The plan envisages developing the vast park territories along the River and creating a single pedestrian zone, which Sobyanin said would stretch from Mosfilmovskaya Ulitsa in the southwest of the city to Bersenevskaya Naberezhnaya in downtown Moscow.
"Having put separate pieces into one, we have actually created the largest city park in Europe with the longest embankment in Europe," he said while inspecting the renovation works on the Moscow River promenade on Saturday.
The renovated park will unite the territories of Gorky Park, Neskuchny Sad, Muzeon Park on Krymskaya Naberezhnaya and the Vorobyovy Gory nature reserve. The latter has yet to be developed, with city authorities intending to create walking paths, install environmentally friendly outdoor lighting based on solar panels and ensure safety.
This work should be done by the end of this year, Sobyanin said, according to a statement on the City Hall website.
If those plans come to fruition, Moscow might get a pedestrian zone whose area will compare to the biggest parks in Europe and the U.S., said Anton Korotayev, head of retail consulting at Jones Lang LaSalle Russia.
The overall area of the territory that the city authorities plan to develop is about 300 hectares, he said. This is twice the area of London's Hyde Park, which stands at nearly 140 hectares, while the territory of Rome's Villa Borghese is about 80 hectares.
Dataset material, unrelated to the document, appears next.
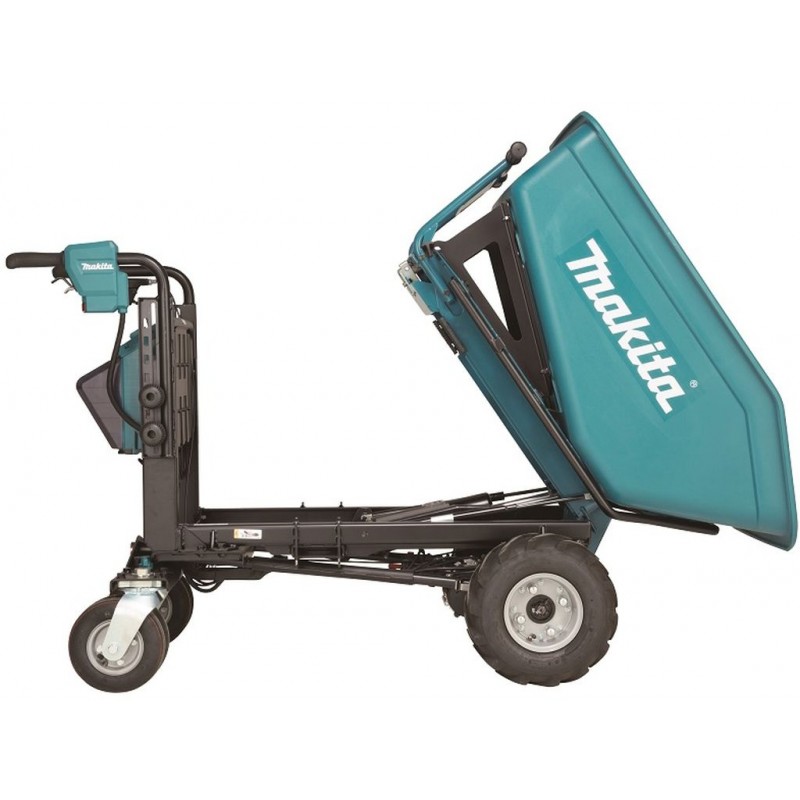MAKITA DCU602Z Aku přepravní vozík je robustní a výkonný pomocník určený pro transport těžkých břemen na stavbách, v zahradnictví, zemědělství i komunálních službách. Pohon zajišťují dva akumulátory Li-ion LXT 18V s možností použití až čtyř akumulátorů, což výrazně prodlužuje pracovní dobu. Speciální bezuhlíkový motor v kombinaci s technologií XPT umožňuje spolehlivý provoz i v prostředí se zvýšenou prašností nebo vlhkostí. Maximální přepravní kapacita vozíku činí 300 kg, přičemž součástí dodávky je plastová korba o objemu 200 litrů pro pevné látky nebo 100 litrů pro kapaliny.

"That means the park in Moscow will definitely become one of the biggest in Europe," Korotayev said, adding that its territory will be equal to that of New York's Central Park.
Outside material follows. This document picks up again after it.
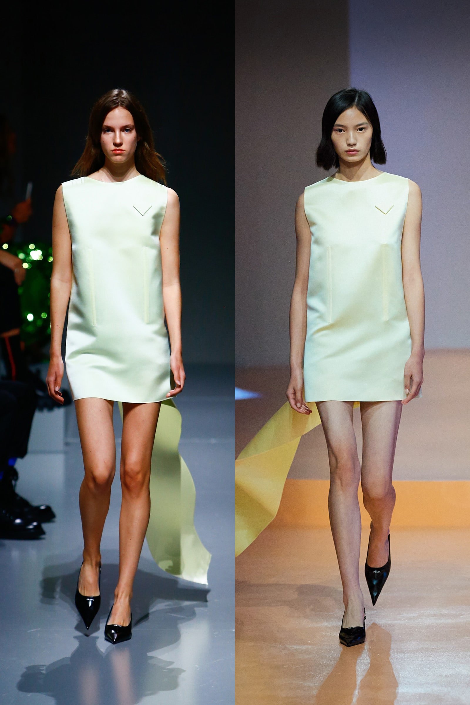 Des vues synchrones et simultanées incarnent le monde moderne : nous observons, nous interagissons et nous communiquons d’une multitude de manières. Le défilé Prada Printemps/Été 2022 est mis en scène, simultanément, au Deposito de la Fondation Prada, à Milan, et au Bund 1, à Shanghai. Dans des décors se faisant écho, des écrans vidéo créent un dialogue entre les deux défilés, un échange entre la réalité physique et virtuelle. Ils réunissent deux groupes de personnes, deux facettes du monde, au sein d’une communauté moderne..

At the same time, he said the increased area would result in a greater inflow of visitors. He added that Gorky Park currently accepts about 15 million visitors a year, compared with Central Park's 25 million.
He also warned that the growing number of visitors might create inconveniences like a lack of parking space, which is already a significant problem for Gorky Park.
One possible solution of the problem is developing other territories in the city, said Vladimir Sergunin, business development director at Colliers International Russia. One potential area is the square in front of the Paveletsky railway station, which might be turned into a big green area with an underground parking lot like those in Madrid or Zurich, he said.
Sobyanin also promised to upgrade the observation platform on Vorobyovy Gory, according to City Hall's statement.
Meanwhile, his name is associated with another ambitious project that he undertook right after taking office in October 2010. The following year, City Hall spent 2 billion rubles ($61 million) on replacing asphalt in Moscow with tile, Sobyanin told Vedomosti at that time.
The move sparked a wave of criticism from some Muscovites and the media, with the new mayor facing accusations of corruption.
Last year, City Hall gave up its plans to lay road tile in what reportedly saved the city budget about 350 million rubles.